Off The Bus was created by NewAssignment.Net and the Huffington Post in the spring of 2007 to break out of patterns in the campaign press that repeat from election to election-- horse race journalism amid the spin cycle, with polls, ads, campaign strategy and "inside" analysis of what the candidates are doing to win. This is the stock-in-trade of professional reporters on the press bus.

But we think there are new demands on politics and journalism and all forms of media today because more people want to participate-- and they know they can. Established institutions are often not ready to respond by creating "open" versions of themselves.

Off The Bus is an all-purpose campaign news bureau, but an open version of one.

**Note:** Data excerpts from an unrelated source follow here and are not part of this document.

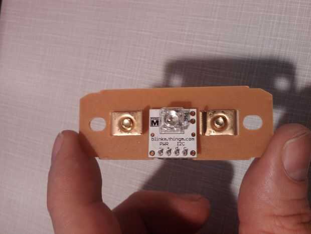 Fue bastante fácil Levante la parte posterior del interruptor con un destornillador de cabeza plana. Una vez que lo abrí he podido encontrar un buen ajuste para lo BlinkM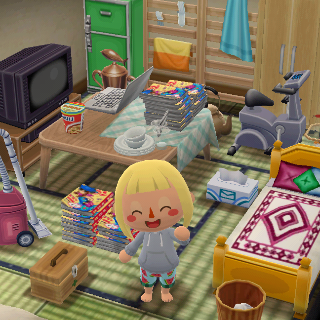 JUGEMテーマ:どうぶつの森 掃除機と救急箱とカップラーメンがお気にいりです。 (^−^)雰囲気が出る。 もっと日常的な雑貨が増えるといいなぁ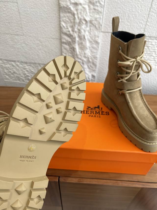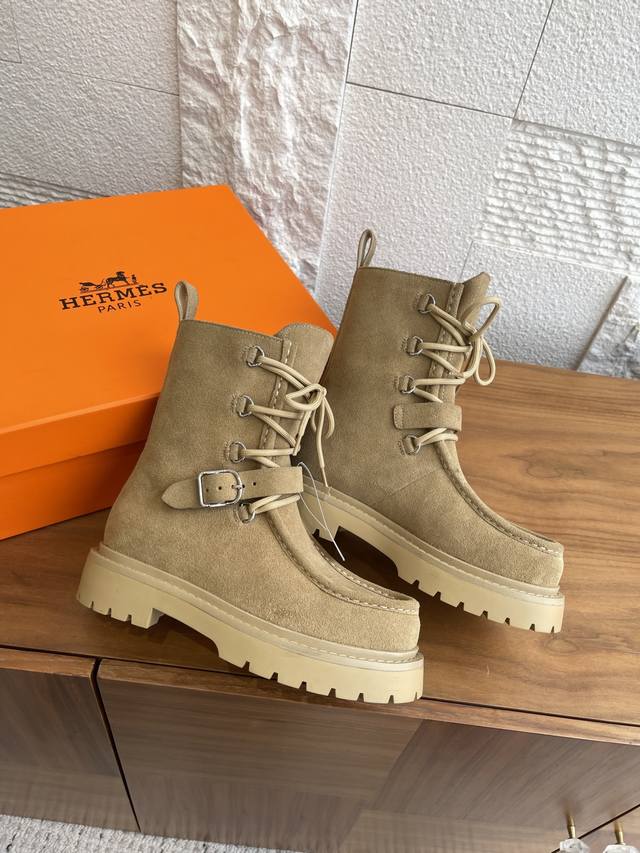 顶级版本: Hermes 爱玛仕 25Ss 秋冬新款 H家经典靴子 Land 及踝靴 马丁靴 H身独特的工艺和品质,这款Land及踝靴靴身采用顶级牛皮精制而成,纹理细腻富有光泽,延续爱马仕标志性皮革工艺。内里与鞋垫均选用柔软牛皮打造,亲肤透气,提供云端般舒适体验。厚底设计搭载防滑橡胶鞋底,提升穿着稳定性的同时,赋予步履间从容自信。 面料:进口麂皮绒 内里:进口牛皮里 大底:原版开模橡胶大底 Size:35-40 40定做不退换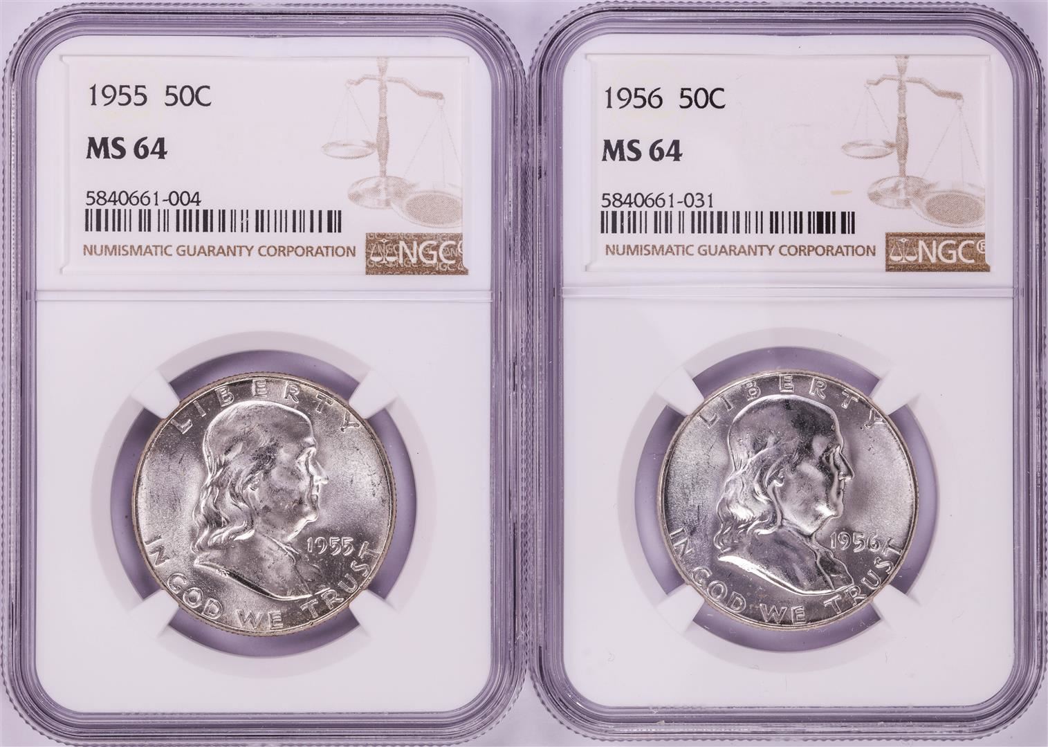 One Lot of 1955-1956 Franklin Half Dollar Coins NGC MS64. NGC Certified.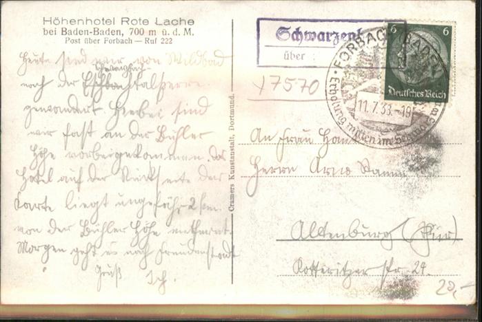 40954862 BADEN-BADEN BW Hotel Rote Lache NZ4 postalisch gelaufen Alte Ansichtskarte Postkarte alte Postkarte Katcode 11110008211000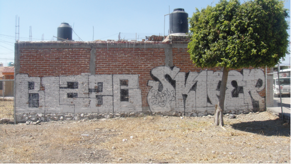 Una versión de la cultura hip hop se presenta actualmente en la ciudad de Ameca. En México escasean los estudios de la cultura hip hop desde las ciencias sociales, teniendo en cuenta la cantidad y diversidad de manifestaciones en las diferentes ciudades y localidades urbanas y “rurales” del país.21 Nosotros inferimos el significado de los objetos gráficos de este tipo de cultura en el contexto local. Decidimos solamente estudiar estos objetos de la cultura hip hop porque parecen ser los de mayor uso y consumo cotidiano en el espacio público de la ciudad.

It would be more accurate to say semi-open. Portions of the site are unedited and user controlled. The blogging system is basically a free space. We don't tell you what to write. (Well, we do but you don't have to listen.) The front page, section pages and various feeds we send out are filtered, edited products.

We try to practice "pro-am" journalism at OffTheBus, which simply means high standards in truthtelling for the journalism of all participants, pros and amateurs working together in pursuit of editorial goods. Which goods? News, information and commentary that is useful to voters and finds its own following on the Web. (See our Guidelines for OffTheBus Bloggers.)

And by involving hundreds of people in writing and reporting, some of whom claim specialized beats, while thousands more join in our "networked journalism" projects, we're trying to show that a strength-in-numbers approach has distinct advantages in a sprawling and wide-open election.

The site covers the campaigns of all the candidates for president in both parties. It is independent and unaffiliated with either the Democratic or Republican Party. Its perspective is determined by the publishers, Arianna Huffington and Jay Rosen; by the editorial staff they hire, and by individual authors and producers who use our platform. There is no party line.